Lapsus$ Hacking Group Reportedly Hits Microsoft, Okta

The Lapsus$ hacking group has struck again, this time reportedly targeting Microsoft and Okta with data leaks.

The Lapsus$ hacking group claims to have leaked the source code for Bing, Cortana and other projects stolen from Microsoft’s internal Azure DevOps server, Bleeping Computer reported. The group posted a screenshot to their Telegram channel indicating the hack.

“Our investigation found an account had been compromised, granting limited access,” a Microsoft spokesperson said, “Our cybersecurity response teams quickly engaged to remediate the compromised account and prevent further activity.”

Microsoft said it doesn’t rely on the secrecy of code as a security measure.
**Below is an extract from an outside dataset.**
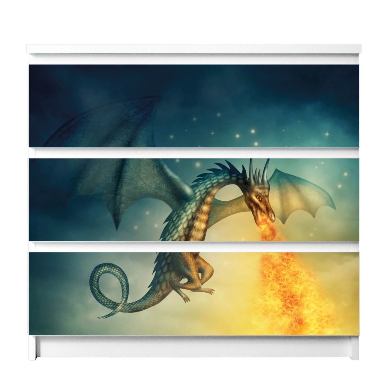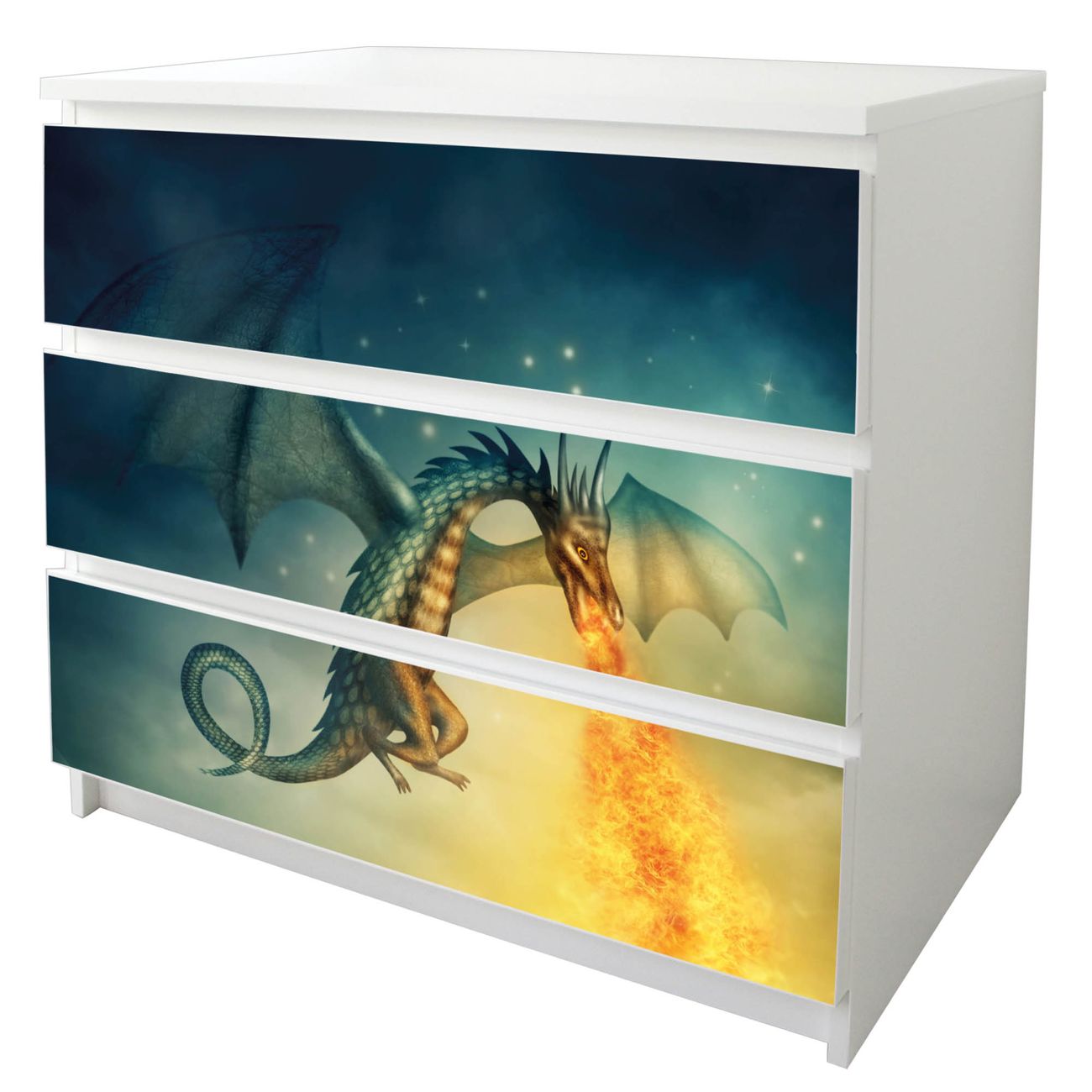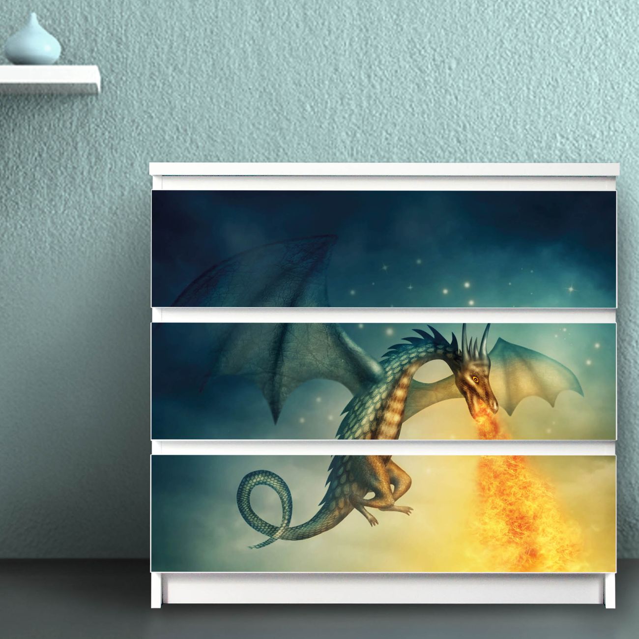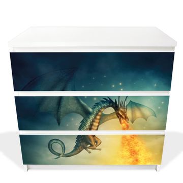 FUNKTION: Die banjado Möbelfolie mit Motiv Motiv Drachen zaubert im Handumdrehen aus Ihrer Ikea MALM Kommode ein individuell gestaltetes Unikat. Verziert mit einem traumhaften Motiv verbindet die Malm Kommode jede Menge Stauraum mit ansprechendem Design. Die gezeigte IKEA Malm Komode ist nicht im Angebot enthalten. DESIGN: Die banjado Klebefolie gestaltet Ihr Ikea Möbelstück völlig neu. So passt sich die Malm Kommode verschiedenen Einrichtungsstilen an. Lassen Sie Ihrer Kreativität freien Raum, wir helfen Ihnen bei der Umsetzung. Egal ob 2, 3, 4 oder 6 Schubkästen, wählen Sie einfach Ihre passende Variante. DETAILS: Der banjado Motiv Drachen Möbelsticker ist selbstklebend und wird Ihnen bereits fertig zugeschnitten geliefert. Sie können Schritt für Schritt jede Schublade einzeln bekleben, eine detaillierte Verklebeanleitung liegt selbstverständlich bei. Die Folie ist mit einem zusätzlichen Laminat überzogen, dass Ihr Möbelstück zusätzlich vor Kratzern schützt. NUTZEN: Sie können die banjado Möbelfolie wunderbar nutzen, um abgeplatzte, schmutzige oder unschöne Stellen an Ihrer Malm Kommode zu überdecken. Mit einem wechselnden Design können Sie Ihren Einrichtungsstil ändern oder aus einer Flurkommode eine Kinderkommode gestalten. Alle verwendeten Farben sind lösungsmittelfrei. BANJADO: Ihre Design Folie wird in Sachsen in einer kleinen Manufaktur angefertigt und verpackt. Wir legen großen Wert auf die Verbindung von Funktionalität und Design.

In addition, viewing source code isn’t tied to elevation of risk.

Okta, which provides authentication services to thousands of customers such as Major League Baseball (MLB) and MGM Resorts, is investigating a Lapsus$ data breach.

According to Reuters, hackers posted screenshots of what they said was internal information on their Telegram channel.

Okta issued the following statement in response to the Lapsus$ hacking group’s claims:

“In late January 2022, Okta detected an attempt to compromise the account of a third-party customer support engineer working for one of our subprocessors. The matter was investigated and contained by the subprocessor. We believe the screenshots shared online are connected to this January event. Based on our investigation to date, there is no evidence of ongoing malicious activity beyond the activity detected in January.”

Lapsus$ Behind Other Big-Name Data Leaks

Lapsus$ is allegedly responsible for obtaining confidential data including the source code that operates Samsung Galaxy smartphones. It also claimed responsibility for the recent Nvidia breach.

Rajiv Pimplaskar is CEO of Dispersive, a network security provider.

Dispersive’s Rajiv Pimplaskar

“Attackers attack Microsoft and Okta because they know the value of identity,” he said. “Identity, not apps, not servers, not devices, is the important component in the cybersecurity world.”

Organizations must check identities, especially the privilege ones, in real time, not just monthly, Pimplaskar said.

Saryu Nayyar is Gurucul‘s CEO and founder.

Gurucul’s Saryu Nayyar

“While customers are relying on vendors like Okta for zero trust and starting to implement secure access service edge (SASE), this shows the need for more advanced security operations tools to ensure that threat actors aren’t abusing identity and access policies,” she said.

CISOs must invest more in automation-focused threat detection, investigation and response (TDIR) solutions, Nayyar said.

Kevin Novak is managing director at Breakwater Solutions. He said if the compromise involved a successful assault on client information, such as client credentialing, key materials or source code pertaining to environments that may lead to client compromises, then Okta may suffer much greater scrutiny from the field for its “lack of adequate, timely notification of the event.”

Breakwater Solutions’ Kevin Novak

“Security professionals around the world are debating the list of compromise possibilities based on the pictures posted about the hack, but no definitive word has been shared by Okta,” he said.

Customers Can’t Just ‘Switch Off’ Okta

If hackers compromised Okta’s environment, companies can’t “simply flip a switch” and authenticate/authorize on a different platform, Novak said. Embedded platforms require time to swap.

“While some have made conjectures about whether this hack contributed to another breach here or there, it would seem that a full compromise of Okta’s backend would have become far more obvious by now, but we’ll see more over the next few months,” he said.